Der vornehme Ire Killena wird Bischof und erhält den Namen Kilian. Er wandert mit etlichen Gefährten in der Nachfolge Christi bis Würzburg, wo zu diesem Zeitpunkt Herzog Gosbert herrscht. Dieser wird in der Passio als Heide dargestellt, dürfte aber in Wirklichkeit bereits christlich gewesen sein. Kilian und seine Gefährten kommen bei dem Versuch der Heidenmission unter Papst Konon im Jahr 689 ums Leben: Auf Befehl von Gailana, der Gattin des Herzogs, werden sie enthauptet.[1] Die Angaben über das Herrscherhaus und dessen Stammbaum in der Passio Kiliani geben wichtige Hinweise auf die politischen Verhältnisse im 7. und 8. Jahrhundert in Franken.[2]

Die kürzere Version ist die ältere. Sie ist unter dem Titel Passio Kiliani martyris Wirziburgensis bekannt geworden und wurde 1910 von Wilhelm Levison publiziert. Dieser datierte sie auf die Zeit um 840 mit der Einrichtung des ostfränkischen Königtums durch Ludwig den Deutschen im Jahr 833 als terminus post quem.

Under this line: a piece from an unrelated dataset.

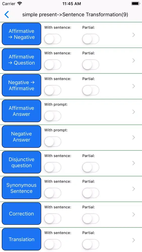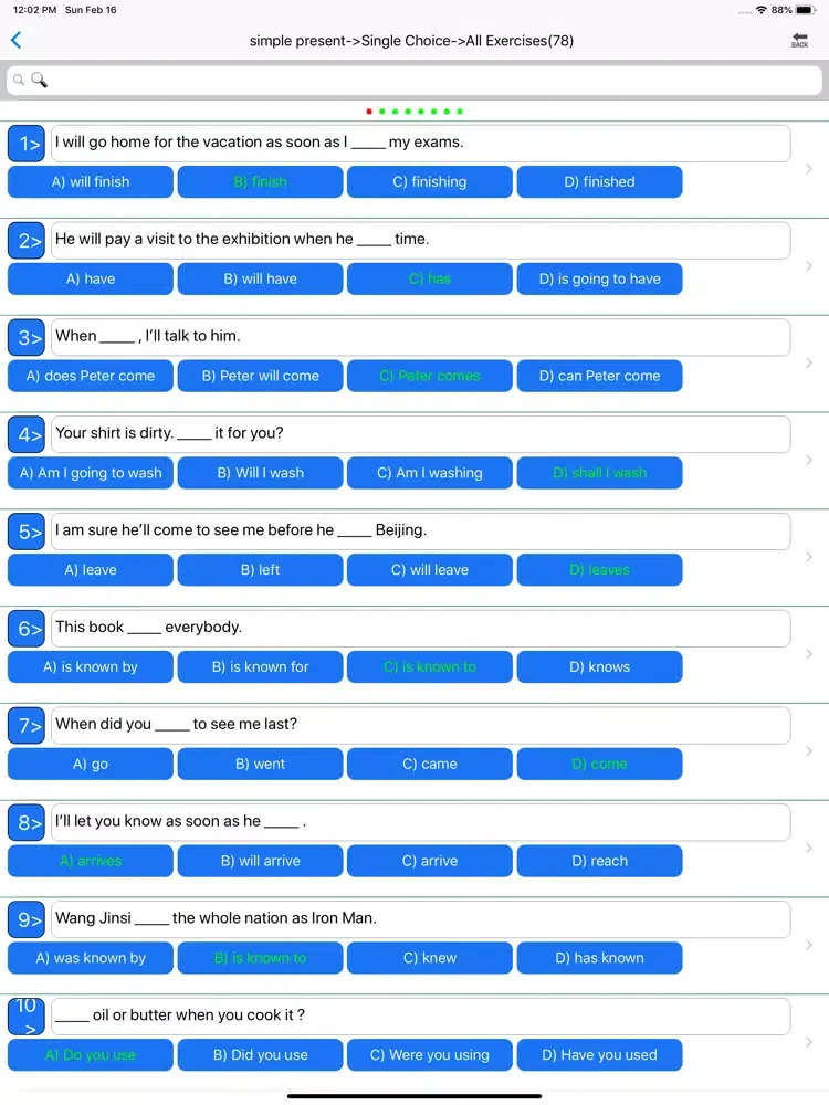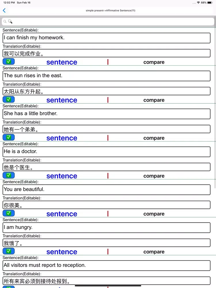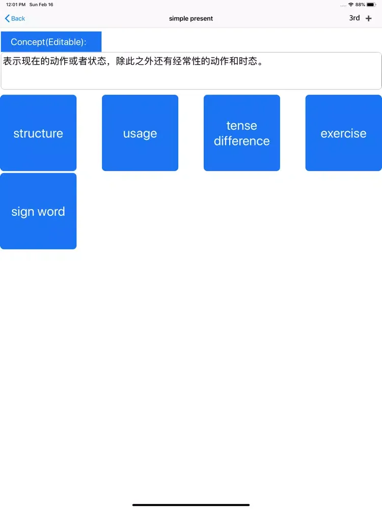 6、Software providers users with a lot of knowledges and exercises about the forms of verbs, such as the third personal, past tense, past participle, present participle.

Er berief sich dabei auf eine anachronistische Herrschertitulatur in der Schrift. Pippin wird dort als erster König der Ostfranken bezeichnet, der zu dem Zeitpunkt geherrscht habe, als die Reliquien Kilians und seiner Gefährten erhoben worden seien. A. Bigelmair hielt die Passio minor für älter. Er ging davon aus, dass sie schon um die Zeit der Reliquienerhebung, also wohl 752, entstand. J. Dienemann dagegen glaubte, sie sei im Zusammenhang mit der Translation der Reliquien und der Feier in Anwesenheit Karls des Großen im Jahr 788 niedergeschrieben worden.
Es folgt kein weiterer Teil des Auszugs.